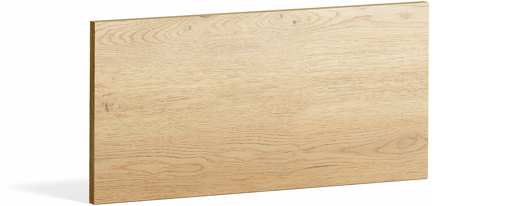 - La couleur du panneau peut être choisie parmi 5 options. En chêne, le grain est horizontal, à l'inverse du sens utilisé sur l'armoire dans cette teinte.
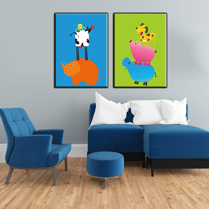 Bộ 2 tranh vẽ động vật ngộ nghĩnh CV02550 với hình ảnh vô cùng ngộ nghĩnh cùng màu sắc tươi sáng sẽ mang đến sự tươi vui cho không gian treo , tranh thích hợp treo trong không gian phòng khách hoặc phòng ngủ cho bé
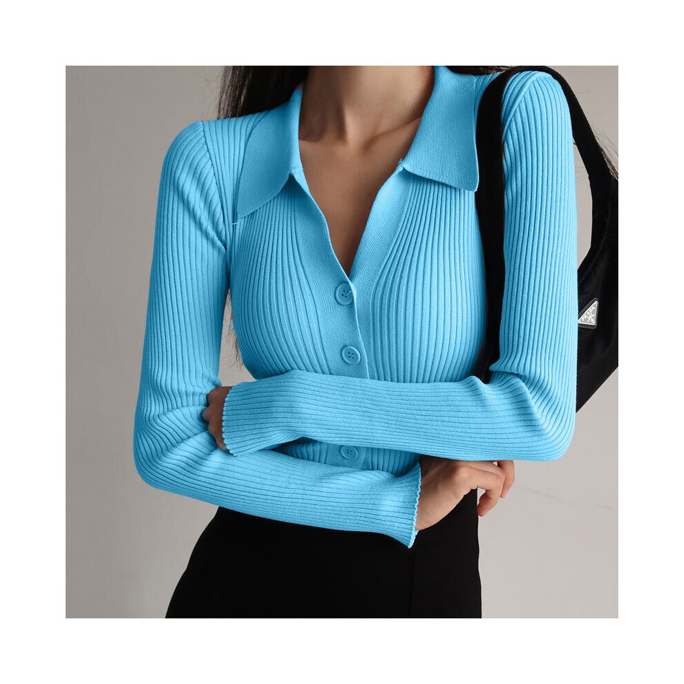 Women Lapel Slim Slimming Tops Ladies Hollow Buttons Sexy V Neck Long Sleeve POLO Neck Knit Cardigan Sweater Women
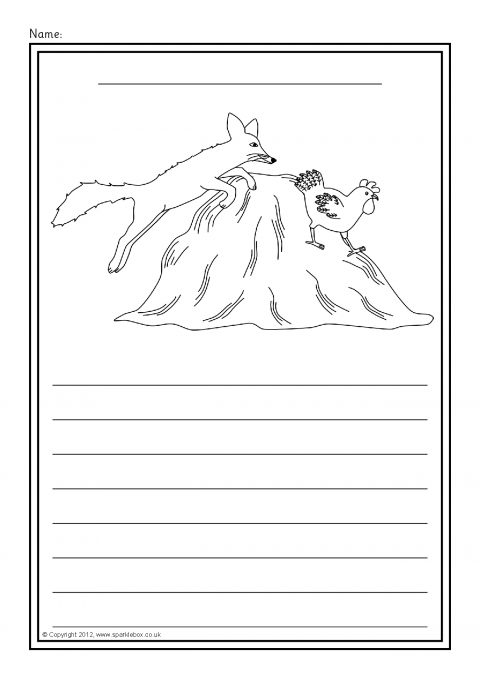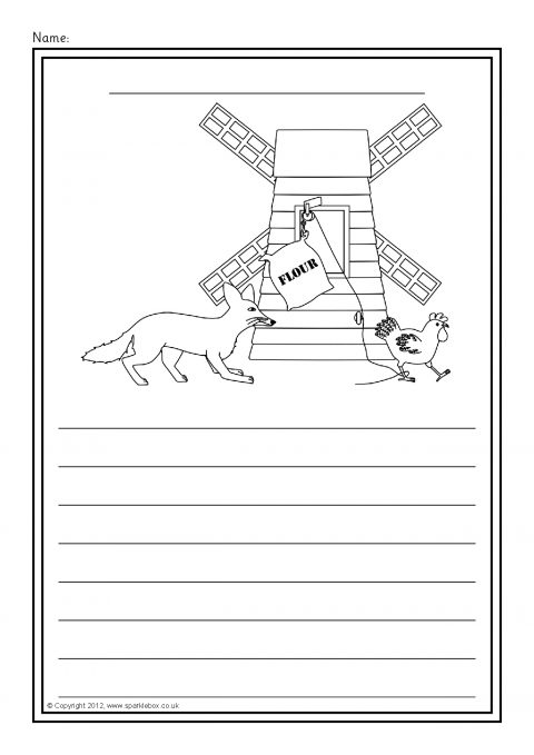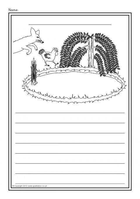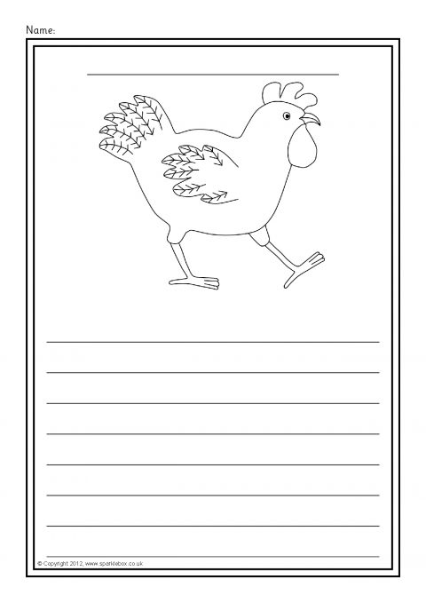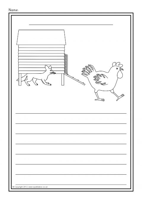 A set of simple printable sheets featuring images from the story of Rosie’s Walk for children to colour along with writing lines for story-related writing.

- - - - - - -

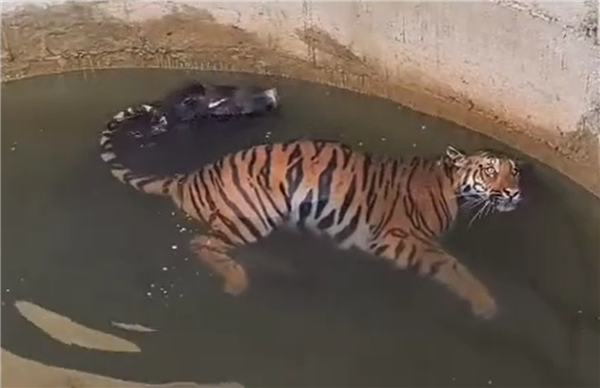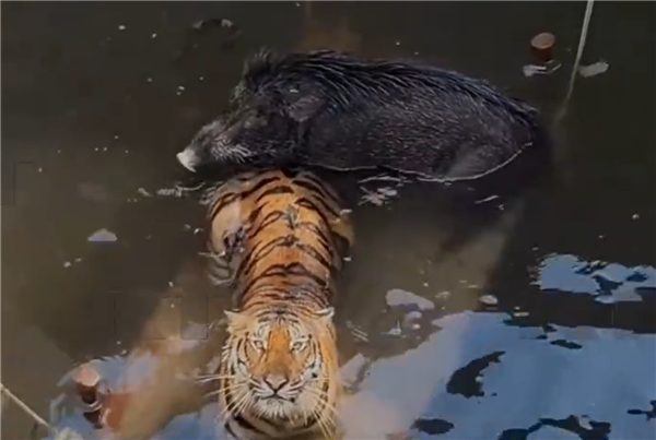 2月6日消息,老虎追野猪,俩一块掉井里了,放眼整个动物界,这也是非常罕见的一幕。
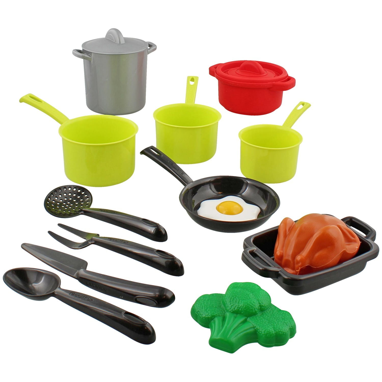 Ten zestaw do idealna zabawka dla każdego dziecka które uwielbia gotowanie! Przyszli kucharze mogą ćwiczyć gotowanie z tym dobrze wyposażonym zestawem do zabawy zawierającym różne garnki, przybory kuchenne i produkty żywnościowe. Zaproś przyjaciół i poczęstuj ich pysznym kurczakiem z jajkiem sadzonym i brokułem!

- - - - - - -

**Problem description:** Pictures aside, return exactly the lines from the data above, starting at the line that has "- La couleur" and ending at the line that has "Women Lapel Slim", both included.

**Response box:**
 - La couleur du panneau peut être choisie parmi 5 options. En chêne, le grain est horizontal, à l'inverse du sens utilisé sur l'armoire dans cette teinte.
 Bộ 2 tranh vẽ động vật ngộ nghĩnh CV02550 với hình ảnh vô cùng ngộ nghĩnh cùng màu sắc tươi sáng sẽ mang đến sự tươi vui cho không gian treo , tranh thích hợp treo trong không gian phòng khách hoặc phòng ngủ cho bé
 Women Lapel Slim Slimming Tops Ladies Hollow Buttons Sexy V Neck Long Sleeve POLO Neck Knit Cardigan Sweater Women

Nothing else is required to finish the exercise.